4. Macroeconomic Sensitivity
While auto parts demand is mostly non-discretionary, the 10-K acknowledges: "our sales are impacted by constraints on the economic health of our customers... including inflation, tariffs, consumer debt levels, the availability of consumer credit, currency exchange rates, taxation, fuel prices, unemployment levels." A severe recession could pressure both DIY and professional channels simultaneously.
Summary
| # | Check | Result |
|---|---|---|
| A1-A3 | Revenue Quality | Pass Pass Pass |
| B1-B4 | Expense Quality | Pass Pass Pass Pass |
| C1-C4 | Cash Flow Quality | Pass Pass Pass **Fail** |
| D1-D4 | Balance Sheet | Pass Pass Pass N/A |
| E1-E2 | M&A Risk | Pass Pass |
| F1 | Beneish M-Score | Pass |
Grade: B (overriding engine F). One intentional flag, no concerns about earnings quality.
The screening engine correctly identifies that ORLY carries $8.5B in debt against trivial cash reserves. But the engine cannot distinguish between distress leverage and strategic leverage. ORLY's debt exists to fund share buybacks against a predictable, non-cyclical cash flow stream. Debt/EBITDA at 2.1x and interest coverage at 14.7x demonstrate the debt is comfortably serviced.

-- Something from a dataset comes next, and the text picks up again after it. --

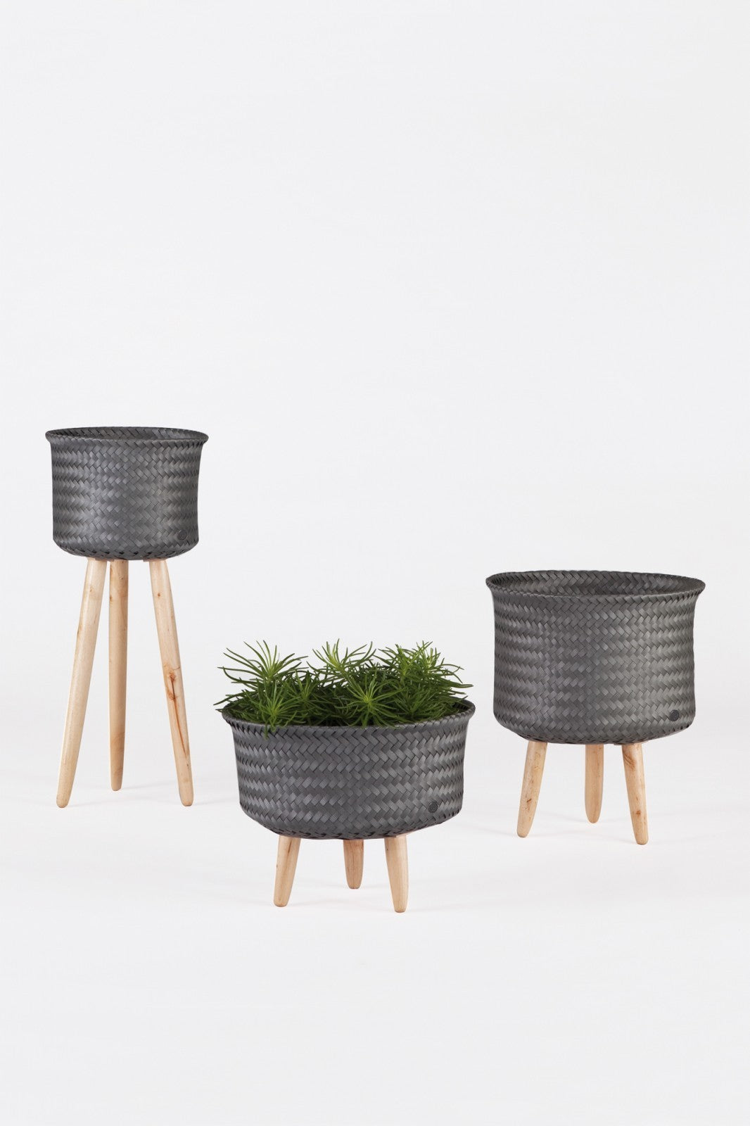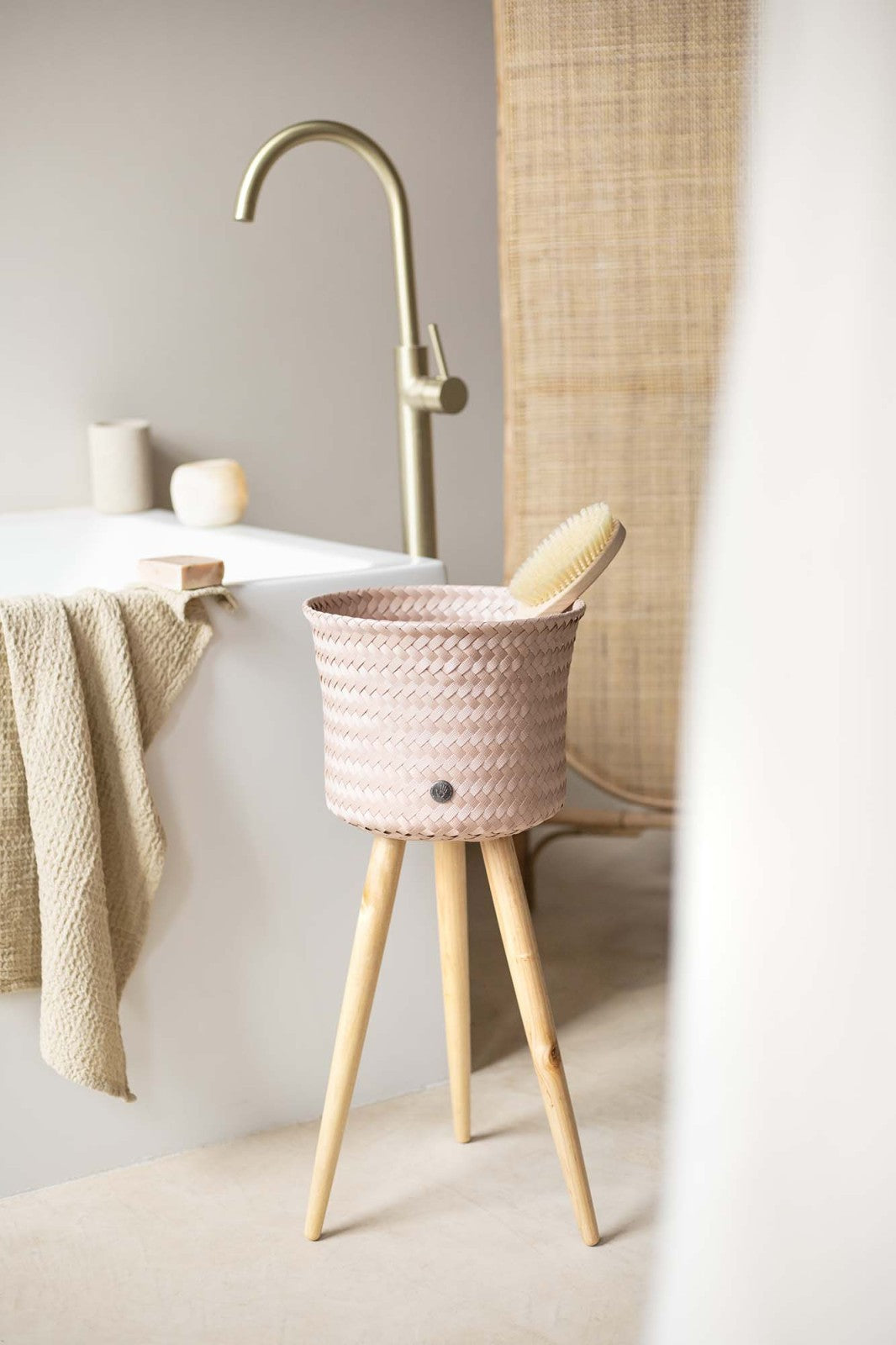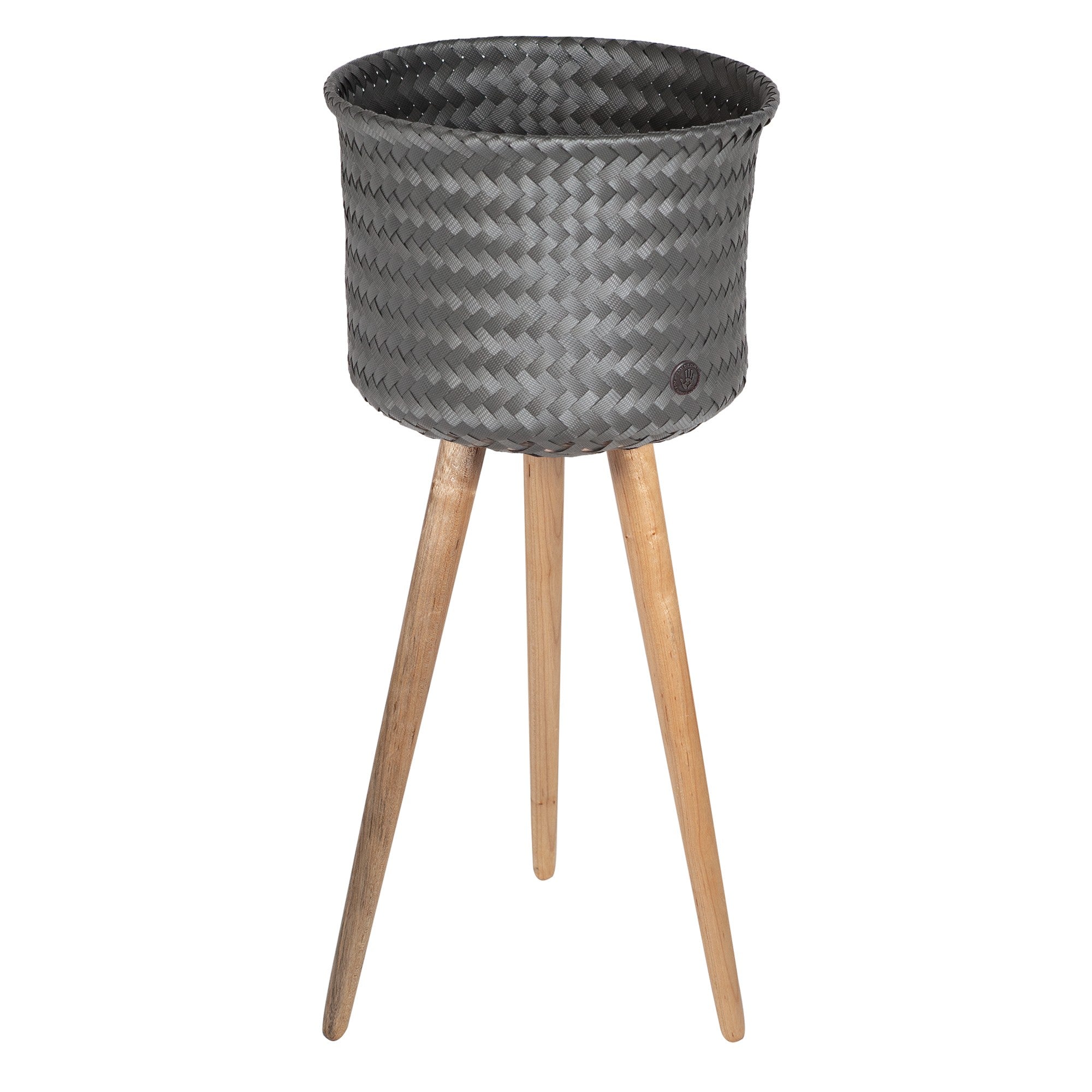 The Up High plant basket from the Up collection from Handed By puts your plants in the spotlight. The handmade basket is attached to three feet, made of environmentally friendly cinnamon wood. Combine it with the other sizes and colours from the Up collection for a cool, botanical ambiance! Use it for a big cactus or plant and put it in a prominent place in the living room or kitchen. Braided by hand and containing recycled plastic.

Strip away the buyback-driven balance sheet structure and ORLY's underlying business is pristine: 51.6% gross margins stable for four years, every dollar of earnings backed by cash, M-Score clean, no accounting red flags, and a business model that benefits from an aging vehicle fleet. The real risk is not earnings manipulation — it is that ORLY eventually faces a structural shift as EVs reduce the aftermarket parts addressable market. But that is a decade-out concern, not a current forensic accounting issue.
**Disclaimer**: This report is based on O'Reilly Automotive's 10-K (filed February 27, 2026, SEC EDGAR) and public financial data. This is NOT investment advice.